Voices from the Center
@ threewalls
119 N Peoria St. Chicago, Illinois
Opening Friday, October 28th, from 6PM - 9PM
On view through Saturday, December 10th
A MULTIFORM PROJECT AND GROUP EXHIBITION, PRODUCED JANEIL ENGELSTAD
ARTISTS INCLUDE JANEIL ENGELSTAD, GRAFIXPOL, OTO HUDEC, MAGDA STANOVÁ, MIKLÓS SURÁNYI, MATEJ VAKULA, AND TEHNICA SCHWEIZ.
www.voicesfromthecenter.net
CHICAGO: Through the multiform project, Voices From the Center, an interactive web platform and group exhibition, Central Europeans reflect on their lives before and after the fall of the Berlin Wall. Sharing these stories through the lens of social documentary and art, producer Janeil Engelstand has brought together emerging artists from across Central Europe to create a portrait of a people emerging from one political and cultural era into another.
Voices from the Center grew out of a series of conversations that Janeil Engelstad had with people, while living in Central Europe, about the post-Communist era. Interviewing former dissidents, writers, artists, politicians, teachers, young adults and villagers, her subjects talked about what freedom meant to them and expressed their dreams, fears and hopes for themselves, their country and the world. Working in dialogue with the other artists included here, Engelstad uses this work as the foundation for an installation that includes a timeline, portraits of the participants, and other images and fragments that are woven throughout the rest of the exhibition.
Polish design team Grafixpol created a poster portraying the illusions that people had during communism through the metaphor of a kaleidoscope, including excerpts from Engelstad’s research. Artist Oto Hudec is reconstructing a life-size Skoda, referencing his grandfather’s Skoda 100 MB model as a lens to examine the quality of life for a middle class family during socialism in Czechoslovakia. Prague based artist, Magda Stanová’s site-specific, large-scale wall drawings provide insight into various socialist themes by dissecting language, official documents, newspapers and the nuances of humor from the communist era.
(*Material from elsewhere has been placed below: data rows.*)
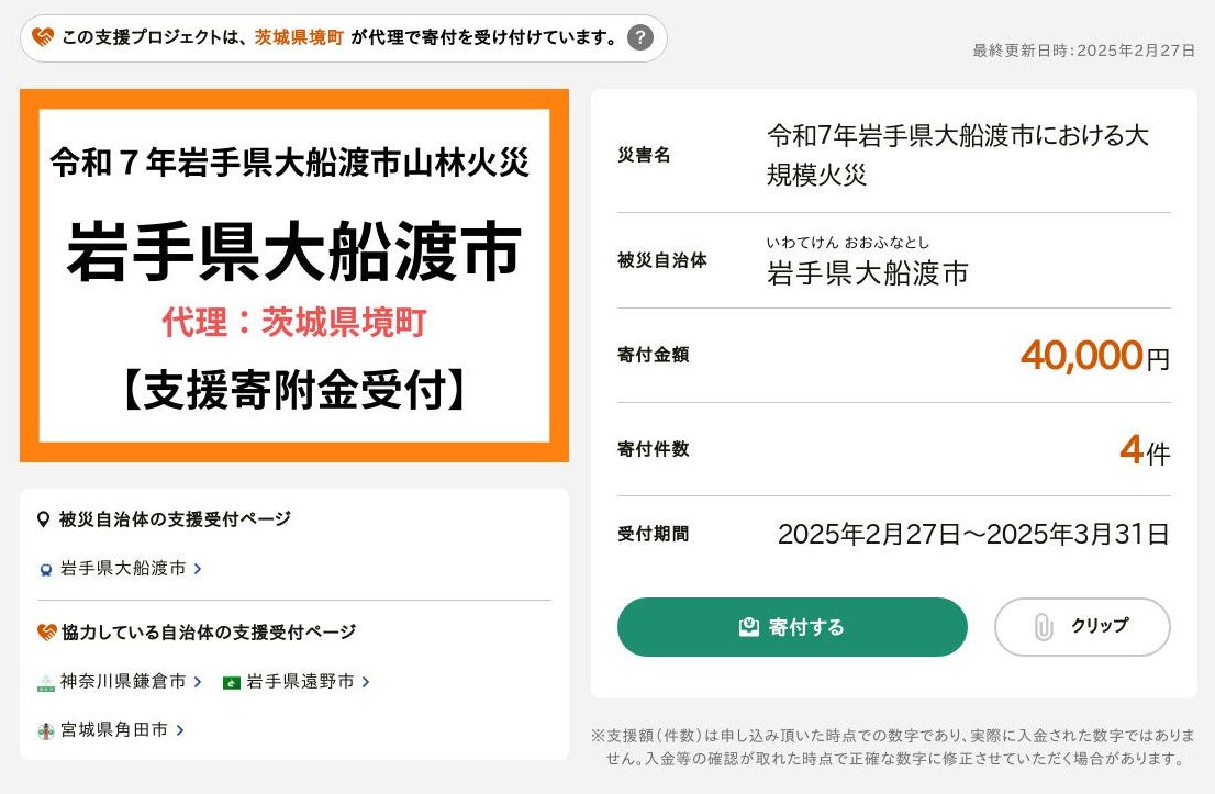 【茨城県境町】令和7年2月 岩手県大船渡市 大規模火災のふるさと納税代理寄附受付を開始
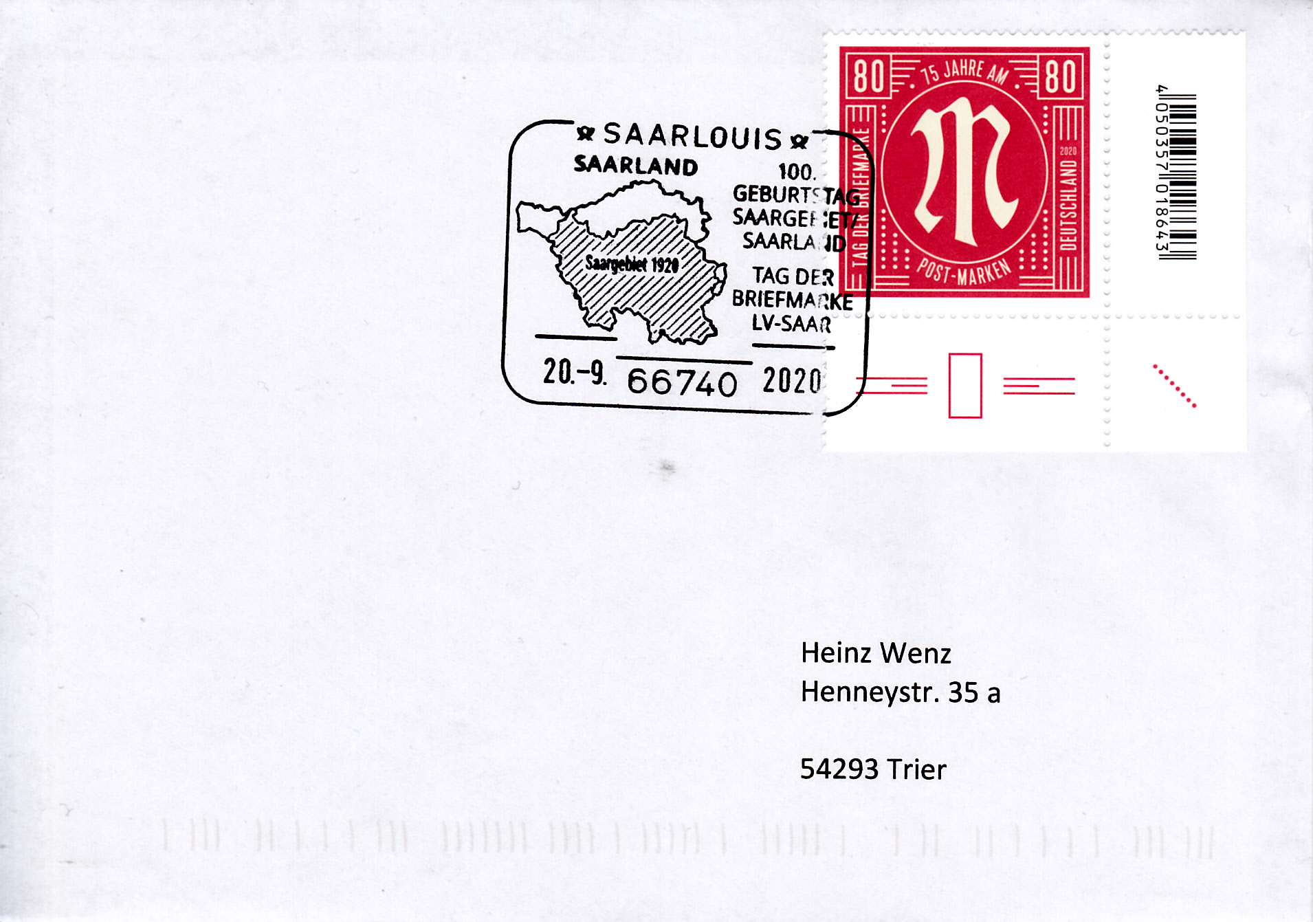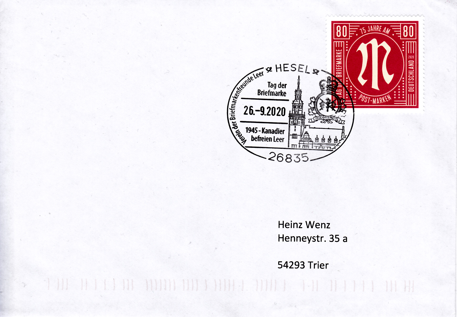 Auf diesem Brief wurde die Marke zum Tag der Briefmarke mit einem Sonderstempel vom 26.09.2020 aus Apolda gestempelt.
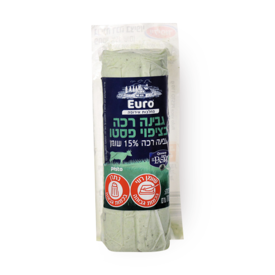 Pasteurized cow's milk, green pesto 2% (parsley, white sugar, salt, basil, maltodextrin, garlic, spices, herbs, food colors (E142, E160) sunflower oil, salt, preservative E202, coagulant, lactic culture
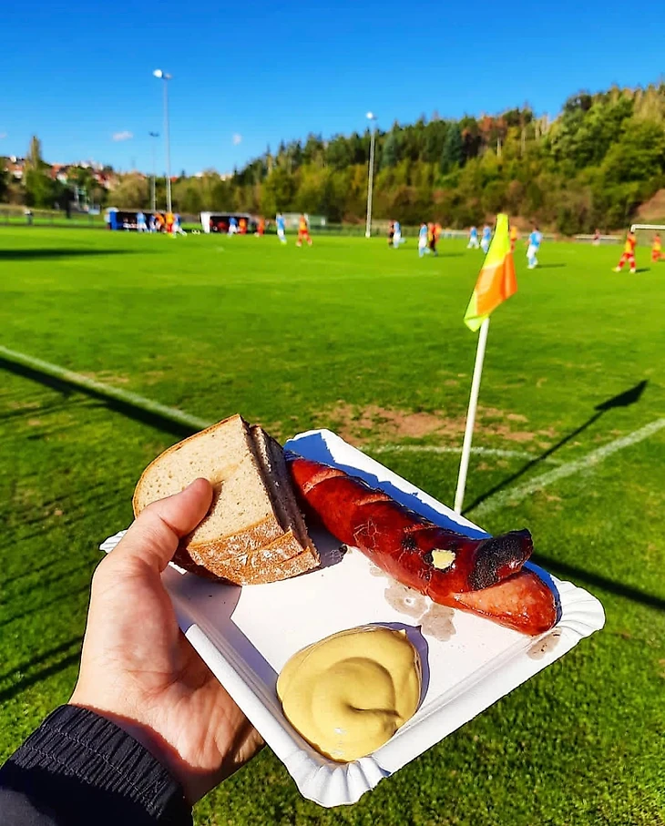 Болельщиков радуют традиционной жареной на гриле клобасой с плотной шкуркой; свинина внутри усеяна маленькими кусочками жира, делающими мясо более сочным и маслянистым. Кайф!
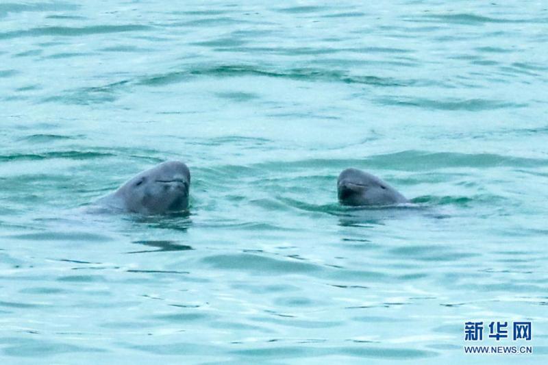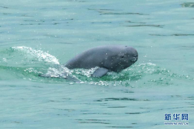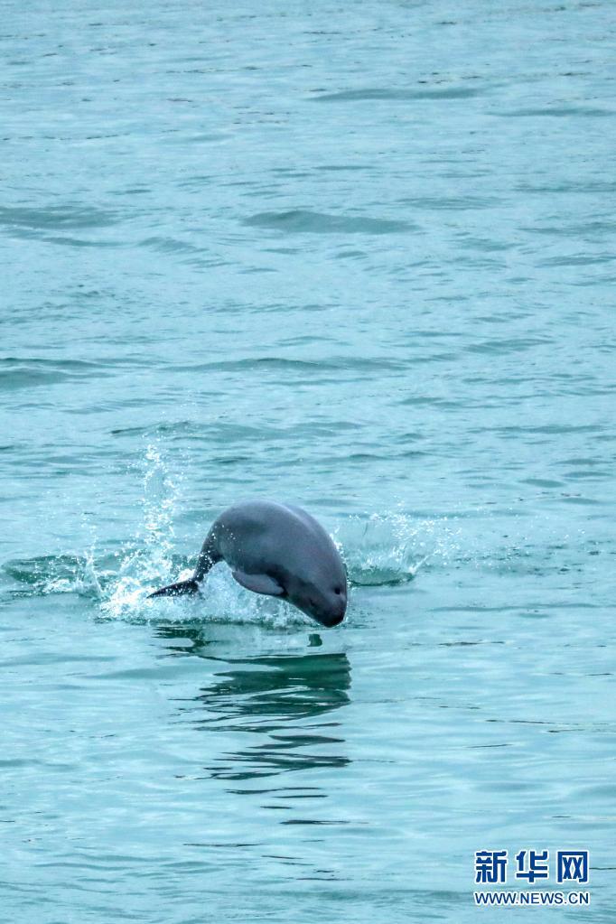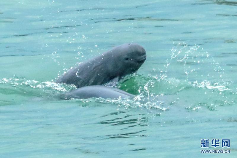 5月16日,长江江豚在湖北省宜昌市葛洲坝下游水域逐浪嬉戏。
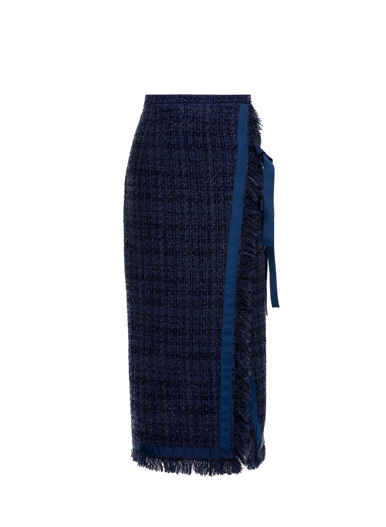 The Dauphine Skirt is a midi length wrap-skirt cut from metallic, checked navy tweed with self-fringe hems. It features tonal grosgrain ribbon trims and two self-tie closures. Paired with the Brea Jacket.
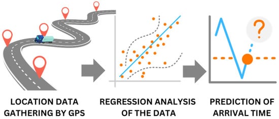 The precise forecasting of heavy truck movements’ timing and location is crucial for the efficient operation of cross-docking terminals, which are integral to the management of consumable goods, just-in-time inventory strategies, and rapid distribution across various locations [1,2,3,4]. Over the last three decades, numerous studies on transportation have focused on generating short-term forecasts for traffic variables, including traffic flow patterns, flow velocity, travel durations, and matchmaking distances [5,6,7]. Estimating travel times for commercial vehicles in urban environments presents significant challenges due to limited observed data, numerous origin–destination pairs, and variations in travel times primarily caused by traffic-related delays [8,9,10].
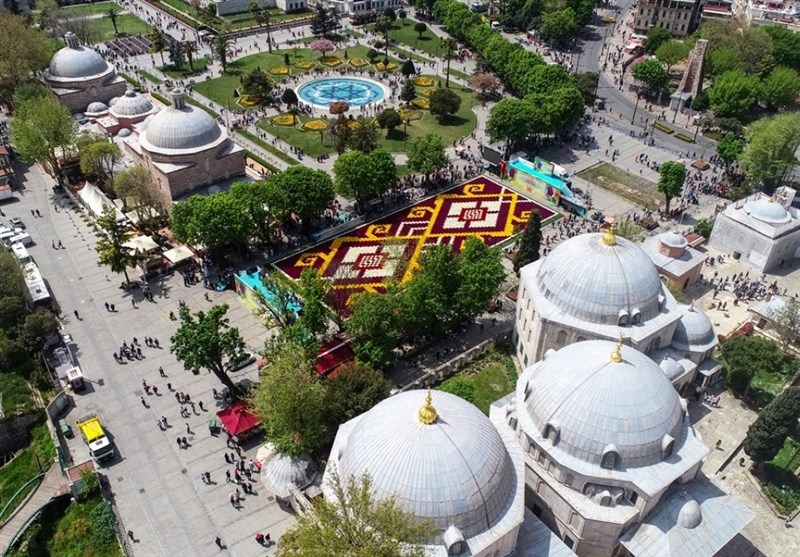 در یکی از میادین استانبول فرش عظیمی از گل لاله ایجاد شده است.

Miklós Surányi’s portraits of Hungary’s iconic family, weekend houses, constructed from trash and post-industral materials and abandonded equipment at deserted construction sites, coupled with his interview with Engelstad, examine the confluence of history, time, place and the often failed promises of capitalism. Technica Schweiz (Gergely László and Péter Rákosi) project photographs of both the real and the imagined garage interiors side-by-side, referencing the Socialist era “garage-street” – which today are mostly meeting places for men or an escape family life or a scene of alternative youth culture. Reflecting on the use of public places to gather, commune and protest during communism and most recently in the Middle East and on Wall Street, Slovak artist Matej Vakula‘s audio installation incorporates interviews with people across the United States and Central Europe. The piece’s basic, bare speakers echo the quality of broadcast sound and sound systems prevalent throughout the Eastern Bloc during communism.